- Dr. Margot Arce de Vázquez
- Born: March 10, 1904 Caguas, Puerto Rico
- Died: November 14, 1990 (aged 86) Hato Rey, Puerto Rico
- Occupations: writer, essayist and educator
- Writing career
- Notable work: Founded the Puerto Rican Academy of the Spanish Language

= Margot Arce de Vázquez =

Puerto Rican activist and writer

Dr. Margot Arce de Vázquez (March 10, 1904 – November 14, 1990) was a writer, essayist and educator who founded the Puerto Rican Academy of the Spanish Language.

==Early years==
Arce de Vázquez was born and raised in Caguas, Puerto Rico, where she received her primary and secondary education. In 1922, she graduated from that city's Central High School and following her graduation enrolled in the University of Puerto Rico in Río Piedras, San Juan.
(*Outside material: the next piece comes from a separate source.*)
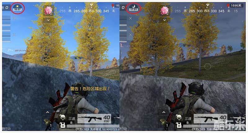 白昼黑夜的交替变换是黑夜出击Plus最大的特色,该模式默认中队模式进入,使用飓风半岛地图。上图为昼夜交替的加速动图,同一场景下的白昼与黑夜,是对荒野精英的战术策略、操作技巧和战局意识一次更大的考验。

As a university student she sympathized with the Puerto Rican Nationalist Party and became involved in the independence movement of the island. She was also the editor of the university's newspaper where she often expressed her views. After she majored and earned her bachelor's degree in mathematics and Spanish she went to Spain and enrolled in the Central University of Madrid. Among her educators were the essayist Américo Castro and the poet Dámaso Alonso. Their teachings influenced Arce de Vázquez for the rest of her life. In 1930, she earned her doctorate in philosophy and letters. Her thesis was about Garcilaso de la Vega, a work which she would publish later in her life.

==Educator==
When Arce de Vázquez returned to Puerto Rico, she was hired by her alma mater. She founded the Department of Hispanic Studies and was its director from 1943 to 1965. Among the distinguished Puerto Ricans she influenced were Luis de Arrigoitia, Mariano Feliciano, José Ferrer Canales and Rosario Ferré. In 1953, she helped organize and presided over the committee in charge of transferring the body of Puerto Rican poet Julia de Burgos from New York City to the island. In 1955, Arce de Vázquez founded the Puerto Rican Academy of the Spanish Language. During her spare time she wrote essays expressing her pro-independence views, which were published in many of the island's magazines and newspapers.

==Author==
Arce de Vázquez edited the works of Puerto Rican poet Luis Palés Matos. Two of her most important works were: Notas Puertorriqueñas (1950) (Puerto Rican Notes) and Gabriela Mistral, persona y poesía (1958) (Gabriela Mistral: The Poet and her Work). These works were highly acclaimed and received awards from the Puerto Rican Institute of Literature.

==Written works==
- Literatura puertorriqueña
- Obras Completas De Margot Arce De Vázquez
- Gabriela Mistral: The Poet and Her Work
- Lecturas Puertorriqueñas: Prosa (Puerto Rico: Realidad y Anhelo, Número 2), by Mariana Robles de Cardona, Margot Arce de Vázquez (Editor)

==Final years==
The Puerto Rican Academy of the Spanish Language bestowed upon Arce de Vázquez the title of "Profesora Emeritus" upon her retirement in 1970. Dr. Margot Arce de Vázquez died on November 14, 1990, in Hato Rey, Puerto Rico from Alzheimer's disease. She was buried at the Puerto Rico Memorial Cemetery in Carolina, Puerto Rico.

==In memory==
In 1996, the Río Piedras Rotary Club dedicated the 50th anniversary issue of their magazine Asomante to the memory of Arce de Vázquez and to Nilita Vientos Gastón. Also in 1996, the Central University of Bayamón honored her memory by renaming their library after her.